On an active level, I don't really picture an audience while I'm working. But when I see certain work that embodies an unexpected confidence or where the creator seems kind of mad with power, even though they don't have institutional power, they're just making something and building out the entire logic of its mechanical worlds... I feel awakened on some level. And I do hope that other people who are interested in being creative experience that with my work as well.
Something I've written about is how it's easy to make this false dichotomy between professional, snobby, over-specialized, and corporate on the one hand, and then outsider, raw, approachable, and populist on the other. Critical frameworks for understanding what's good about outsider works are relatively underdeveloped. There are ghosts of understanding when I play certain work that inspires me. But my critical apparatus for understanding what makes it good is underdeveloped. And that's a very fruitful place to be.
When I make work, I do get a little stuck sometimes. Looking at the tutorials, what is easiest to find will normalize you into the ways of determining quality that are most mainstream.

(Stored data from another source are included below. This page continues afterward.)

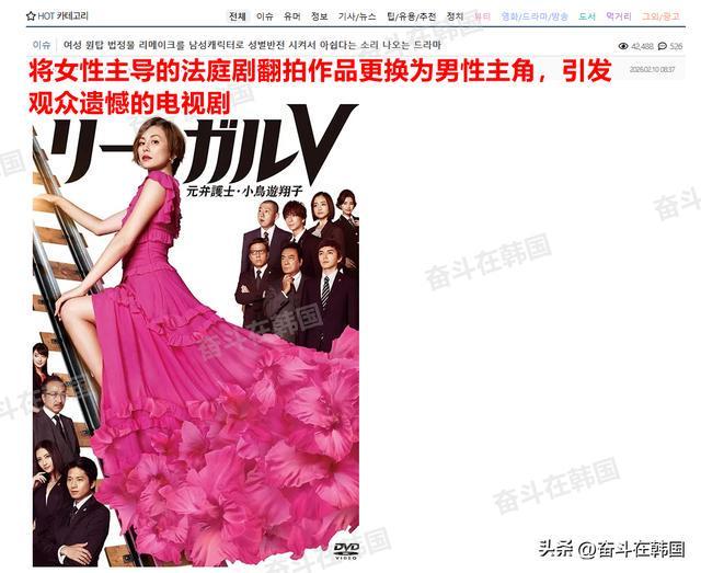 韩国网友们表示:“原作是女性主角,故事里有女性叙事,把这个换成男性,难道是要把这些都砍掉吗”、“非要买女性叙事的作品翻拍,然后改成男性叙事?真无语”、“因为是女律师这部剧才出彩的,如果换成男的不就成了司空见惯的法庭剧了吗”、“男律师不是有《LEGAL HIGH》吗?何必非要这样搞《Legal V》?想用男演员的话就再翻拍一次《LEGAL HIGH》吧”、“ 我们国家明明也有大把合适的女演员可以出演,如果性转的话,那些女主因为自己是女性而感到委屈的情节要怎么处理”……
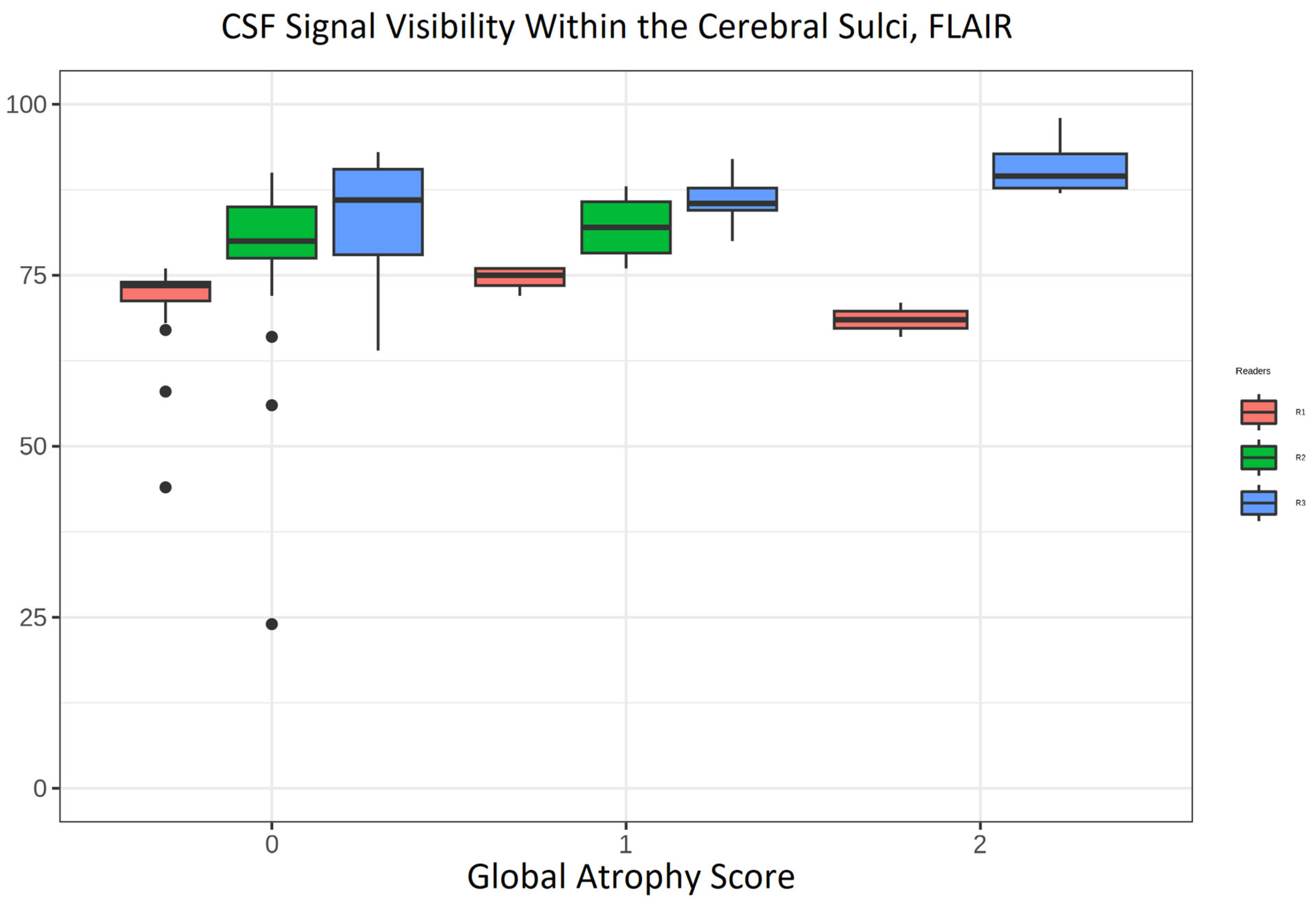 Figure 5 (reader 2: 36 (28–42); reader 3: 52 (26–62.5)—we investigated whether sulcal widening could act as a confounding factor. To demonstrate a possible association between the width of the sulci and the signal of CSF, we used
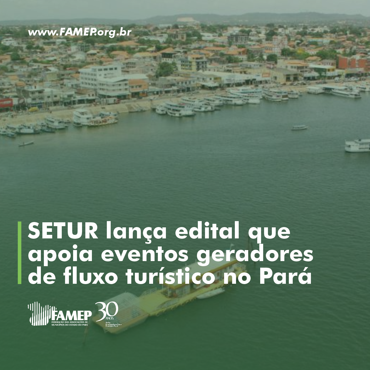 A Federação das Associações de Municípios do Estado do Pará (FAMEP) divulga o edital publicado pela Secretaria de Estado de Turismo (SETUR) que apoia eventos geradores de fluxo turístico nos municípios do Estado de Pará e ações de promoção realizadas fora do território estadual. O certame selecionará municípios paraenses com os quais serão firmadas parcerias por meio de Termo de Colaboração para execução dessas ações.
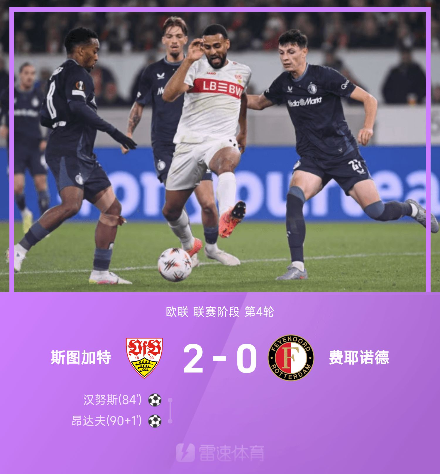 6686 ข่าวกีฬาเมื่อวันที่ 7 พฤศจิกายน ในรอบที่สี่ของยูโรปาลีก 25-26 สตุ๊ตการ์ทเล่นในบ้านกับเฟเยนูร์ด ในครึ่งแรกของฤดูกาลนี้ ทั้งสองฝ่ายต่างทำประตูไม่ได้ เปลี่ยนข้างมาสู้กันใหม่ ฮันนัส ก้าวมาหน้าประตูเพื่อรับบอลจาก อัสเกรัน จากทางขวาเข้าเขตโทษแล้วทำประตูได้ ออนดาฟู ยิงประตูว่างและยิงอีกประตูในช่วงทดเวลาบาดเจ็บ จบเกม สตุ๊ตการ์ท 2-0 เฟเยนูร์ด
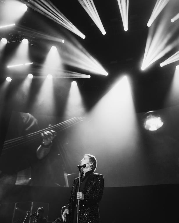 La velada también tuvo instantes más íntimos y emotivos, como “Amo”, “Si no estuvieras tú” y “Los hombres no lloran”, donde el artista mostró su lado más sensible. Además, incluyó en su repertorio temas internacionales como “Padam, Padam”, “La vie en rose” y “Himno al amor”, así como tangos como “Malena”.
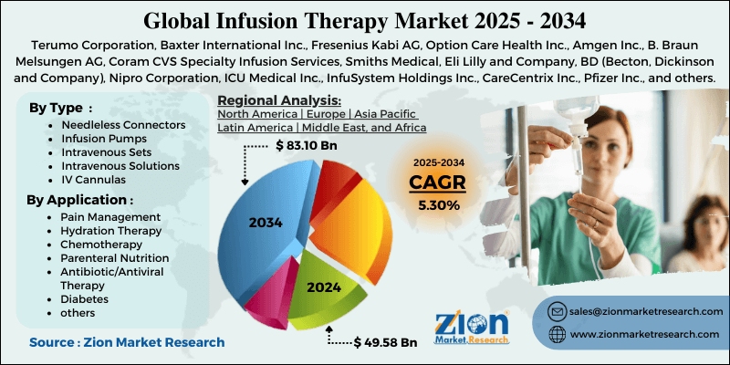 Infusion Therapy Market Size to Grow from USD 49.58 Billion in 2024 to USD 83.10 Billion by 2034, at a 5.3% CAGR
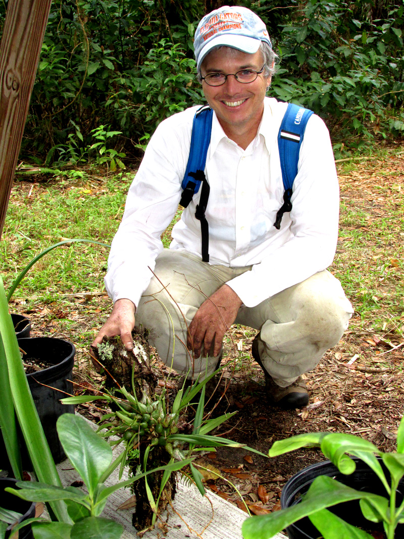 Pictured below is Pelican Island Audubon Society Treasurer Steve Goff (Class of 2006) smiling as he places an orchid-laden branch in ‘storage’ with plants salvaged for re-planting at the Audubon House. The salvaged plants are flourishing due to the extraordinary efforts of Jean ‘JJ’ Romano (Class of 2013) assisted by Susan Warmer, Ken Gonyo, and Dr. Cynthia Lord.
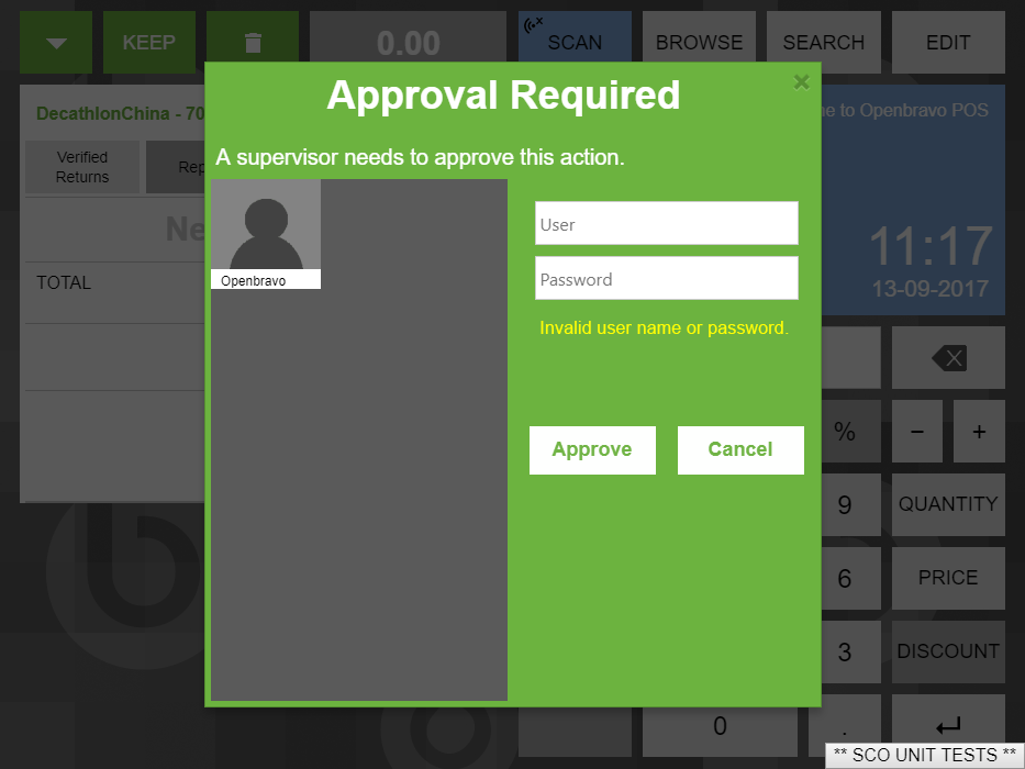 | Steps To Reproduce | Create an approval (for example 'WebPOS Cash up window') and once it be shown, try to enter: * Bad password * Empty password * Not allowed user | |||||||
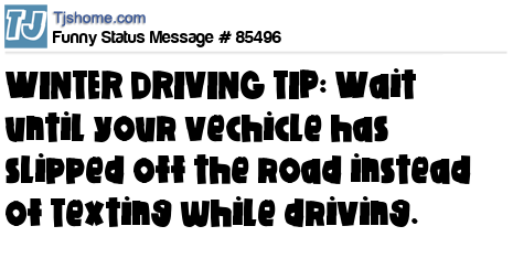 X says WINTER DRIVING TIP: Wait until your vechicle has slipped off the road instead of Texting while driving.
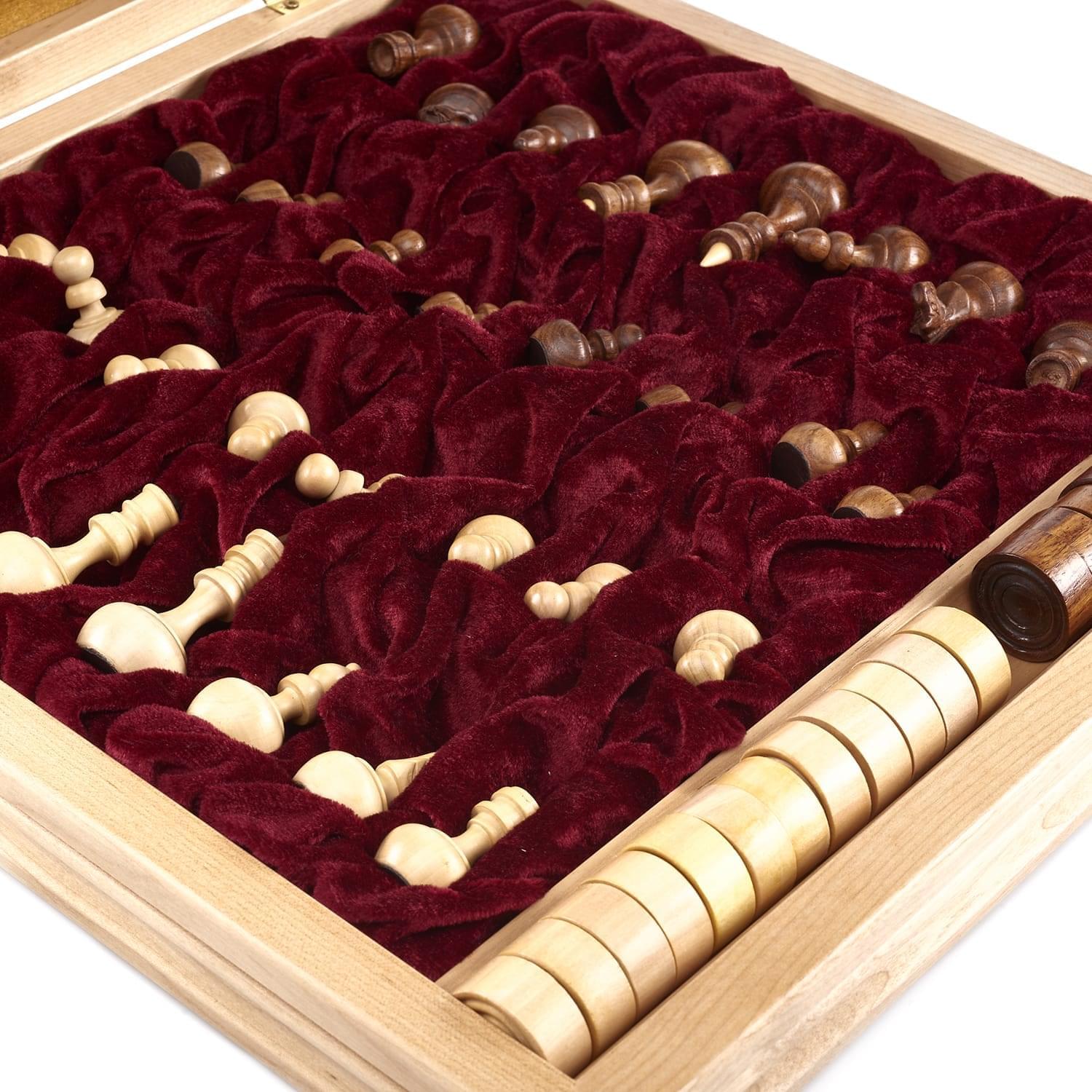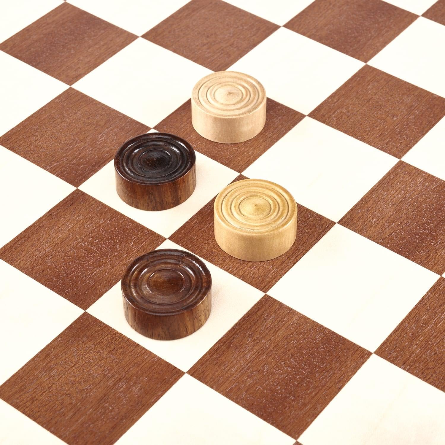 Шахматы и шашки в одном составляют оригинальный игровой набор. Сделан он из нескольких видов древесины, включая розовое дерево. Другие его названия: баи́я, буа де роз, тюльпановое дерево. Это древесина, получаемая от субтропического дерева из рода Дальбергия, произрастающего в Бразилии.Деревья рода Дальбергия дают также большую часть древесины палисандр.
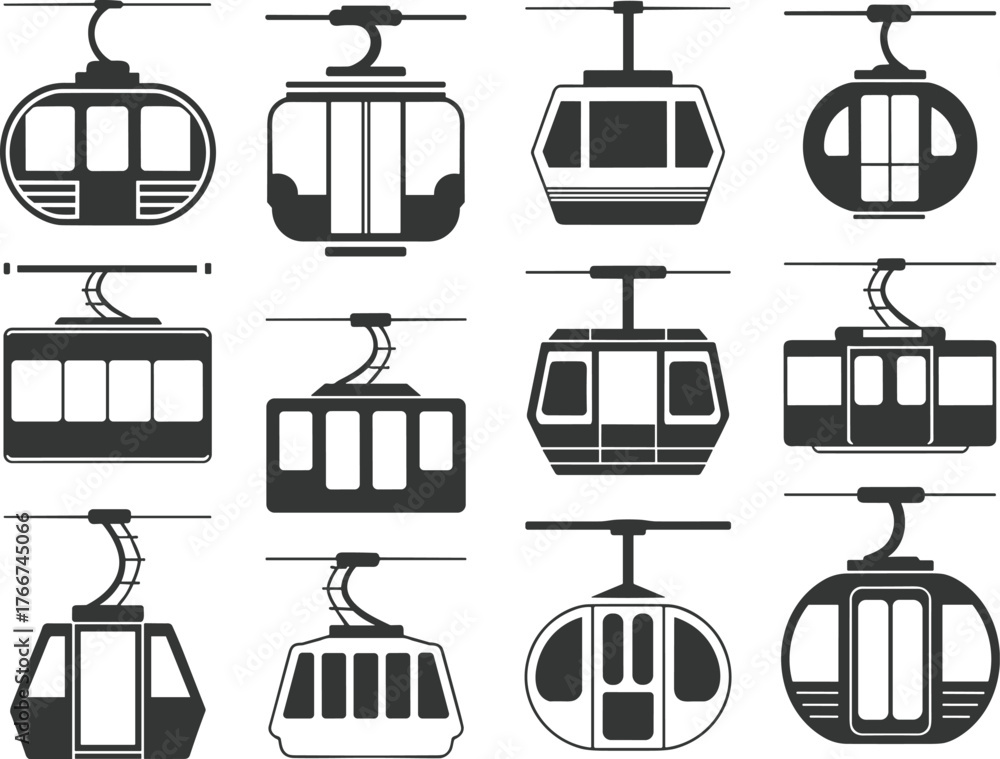 Fototapeta Cable car icons set, gondola vector silhouettes, aerial transport cabins, ski li
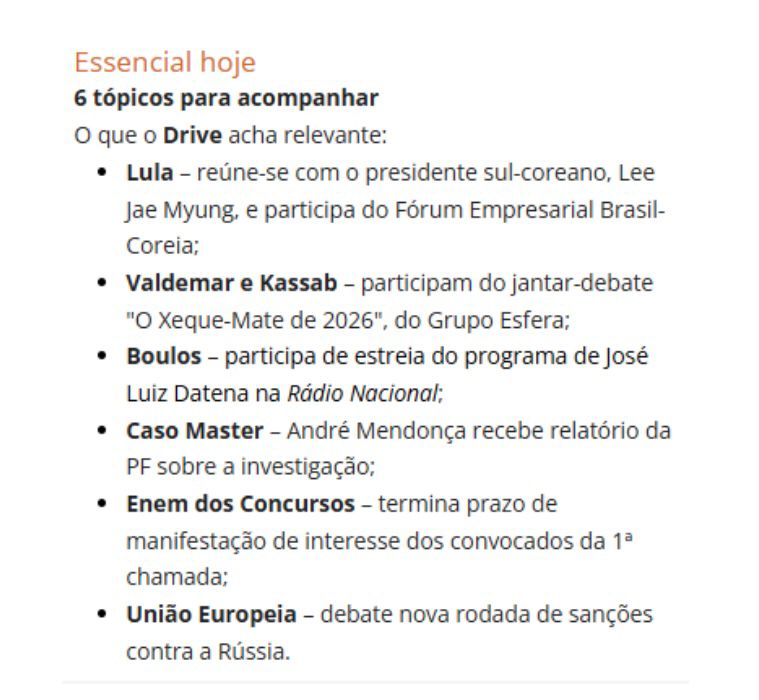 MENDONÇA se reúne com delegados da PF – Além de definir os próximos passos da investigação do caso Master, a nova reunião irá discutir informações já apresentadas pela instituição policial. Ontem, no culto da Igreja Presbiteriana de Pinheiros (SP), o ministro André Mendonça falou sobre vaidades, tentações e testes a que cristãos são submetidos, concluindo que para superar é preciso estar “pleno do espírito de Deus”.

It's a constant internal struggle that I have as an artist to be like, how do you get better without becoming in some ways worse? Just because the ways that we understand getting better are boring to me, but also, not always boring. It's complicated.
Claire: Definitely. On that note, are there any indie games or makers that you want to shout out?
Marina: Yes! There's a game I like called Cataphract OI by Sraeka-Lillian. Cataphract OI is part of a series of experimental RPGs and Sraeka is someone who thinks very deeply about the details of why classical JRPGs work. And then because of that depth of thought is able to do things that are very specific and very interesting. I really appreciate it when people—whenever anyone's kind of thinking very closely and deeply about something that is sort of oddly specific to them.
Some books that were really influential on my games are The Race Card: From Gaming Technologies to Model Minorities by Tara Fickle, and Open World Empire: Race, Erotics, and the Global Rise of Video Games by Chris Patterson. Those books are doing really interesting work at the intersection of Asian-American and game studies. And I am really looking forward to this game by Chris [Patterson], also known as Kawika Guillermo, that is a visual novel adaptation of his novel Stamped: an anti-travel novel.